To sum up my injury quickly; I got kind of squirrelly after a g-out, put my foot down to stabilize, my heel slammed a rock and that was that. The force of the crash shattered my ankle and fractured my liz franc. I wound up getting 2 plates and nine screws throughout my ankle; and another 2 screws and 2 pins in my foot. I was immobile for 2 months ( I ruined my couch cushions because I never got off of it… my wife has been threatening me about restuffing them) The pins were taken out two months after the surgery, they were in there to help with my liz franc ligaments. I am supposed to go back to get the remaining screws out of my foot in a few weeks and I hope that helps to relieve some of the stiffness that I am experiencing.

On the upside, I am going to ray’s MTB in two weeks. I don’t know how much I will be able to ride but I can’t wait. I recently purchased one of the DonJoy Velocity ES braces and it makes me feel like my ankle is indestructible. I have the same feeling when wearing my full face and that usually cause me to do silly things.

Good luck guys…
:thumbsup:


----------



## nachomc (Apr 26, 2006)

norcom said:


> Great to see you recovered so well. Those recovery pix brightened my day. Thanks!










It took a long time but I finally have almost no issues from it. I can run again (I don't like running but like knowing I can), jump, ride all I want, etc. I have some pain from time to time but it's not that bad.


----------



## norcom (Feb 22, 2007)

ruler said:


> I am supposed to go back to get the remaining screws out of my foot in a few weeks and I hope that helps to relieve some of the stiffness that I am experiencing.


Are you getting all the screws taken out or just some of them? From what I understood mine are permanent. I've read online that if the screws bother you, there's the option of taking them out. It would suck to have another surgery and once again be down for a long time.


----------



## ruler (Jan 15, 2009)

norcom said:


> Are you getting all the screws taken out or just some of them? From what I understood mine are permanent. I've read online that if the screws bother you, there's the option of taking them out. It would suck to have another surgery and once again be down for a long time.
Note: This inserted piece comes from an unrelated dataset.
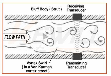 渦街流量計是利用卡門渦街原理進行測量的,在測量管中垂直插入一個柱狀物,流體通過柱狀物時,一定條件下,在柱狀兩側就會交替產生兩列有規則的旋渦,如下圖所示意,這兩列旋
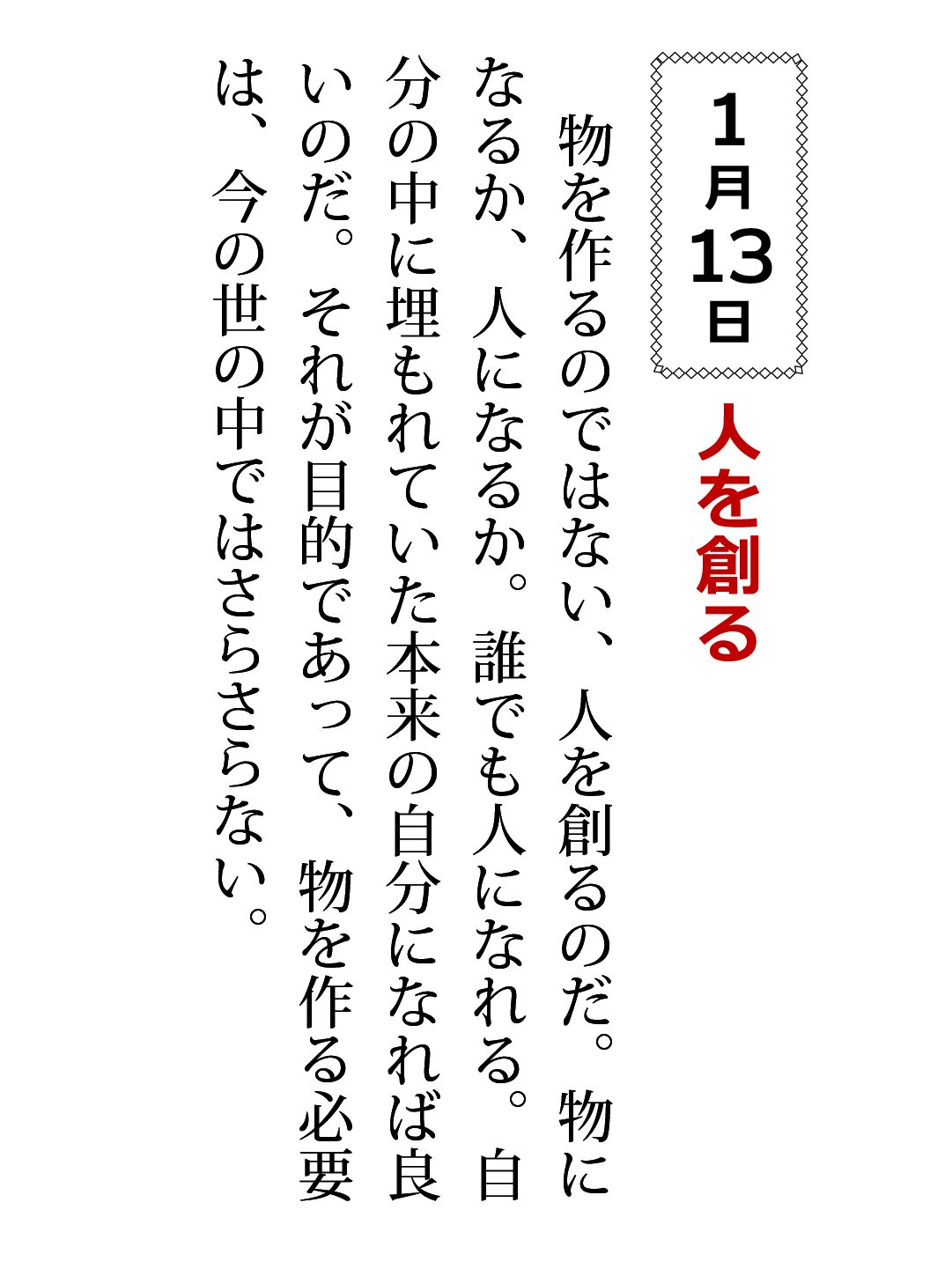 物を作るのではない、人を創るのだ。物になるか、人になるか。誰でも人になれる。自分の中に埋もれていた本来の自分になれば良いのだ。それが目的であって、物を作る必要は、今の世の中ではさらさらない。

They are only taking the ones out of my foot; everything in the ankle is permanent. If I recall correctly, the surgery will require only a local anesthetic. The Dr said I would be back in my walking boot for a week or two and then all would be good again. I actually am very excited to get the surgery because of the discomfort those screws are causing me. The ends of the screws are very close to my skin and as I walk they rub on the tongue of my shoe. The screws also do not allow any flexibility in my foot. It always feels tight like it needs to be cracked but I can't do anything about that.


----------



## nachomc (Apr 26, 2006)

I had a consultation with my ortho a few weeks ago about removing them. He said he'd take the hardware out if I wanted, but as I was not having any pain or issues with it, that his recommendation was to leave it in. That was what my doctor said was good for me. You should check with yours and see what he/she says.


----------



## norcom (Feb 22, 2007)

So I finally stopped being lazy and decided to get back into exercising. Maaaan, I forgot how good it feels after the workout. Did my usual routine with the bowflex and then decided to try the stationary bike. Did 2.4miles before the leg started hurting and I decided to stop.  It's not much but it felt really good to be able to pedal again. Now I just need to keep this up! 

Edit: ohh the foot still swells up and couple of toes feel 'weird' ... not sure what's up with the toes.. 


And here are some more non-pain pictures for the thread..


----------



## timbone (Oct 25, 2006)

Glad to hear things are coming around...looks like your mood is good...back shoping and thinking about bikes etc.....just get back to the fitness mode one little step at a time.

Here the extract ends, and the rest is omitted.